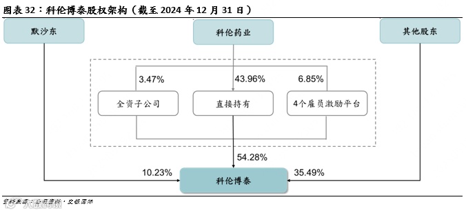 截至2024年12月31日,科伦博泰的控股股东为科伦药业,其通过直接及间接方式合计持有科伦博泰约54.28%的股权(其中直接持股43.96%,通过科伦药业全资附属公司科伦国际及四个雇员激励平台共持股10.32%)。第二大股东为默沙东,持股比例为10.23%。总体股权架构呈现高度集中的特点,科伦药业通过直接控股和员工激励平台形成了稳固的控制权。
- - -
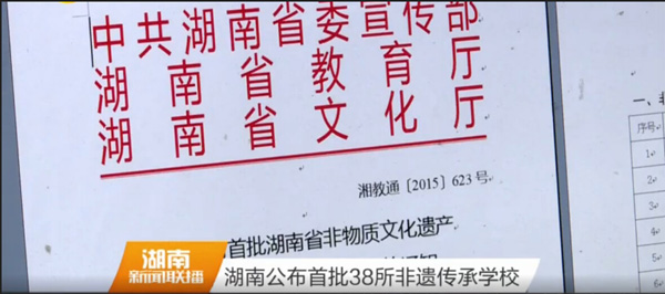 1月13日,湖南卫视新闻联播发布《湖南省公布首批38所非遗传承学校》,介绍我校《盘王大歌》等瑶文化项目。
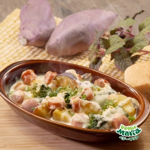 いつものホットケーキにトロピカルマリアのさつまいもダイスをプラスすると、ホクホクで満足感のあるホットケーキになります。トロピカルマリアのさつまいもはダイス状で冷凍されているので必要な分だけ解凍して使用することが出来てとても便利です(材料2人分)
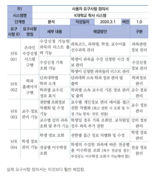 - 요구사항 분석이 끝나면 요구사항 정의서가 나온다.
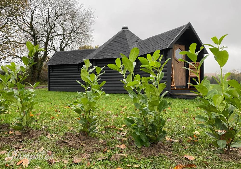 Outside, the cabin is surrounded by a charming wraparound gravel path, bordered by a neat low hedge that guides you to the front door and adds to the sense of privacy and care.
- - -
ABOUT THIS TASK: Look above for the line with "- 요구사항 분석이 끝나면 요구사항 정의서가 나온다." and the line with "Outside, the cabin". Copy them and every line between, exactly, but no pictures.

RESULT:
 - 요구사항 분석이 끝나면 요구사항 정의서가 나온다.
 Outside, the cabin is surrounded by a charming wraparound gravel path, bordered by a neat low hedge that guides you to the front door and adds to the sense of privacy and care.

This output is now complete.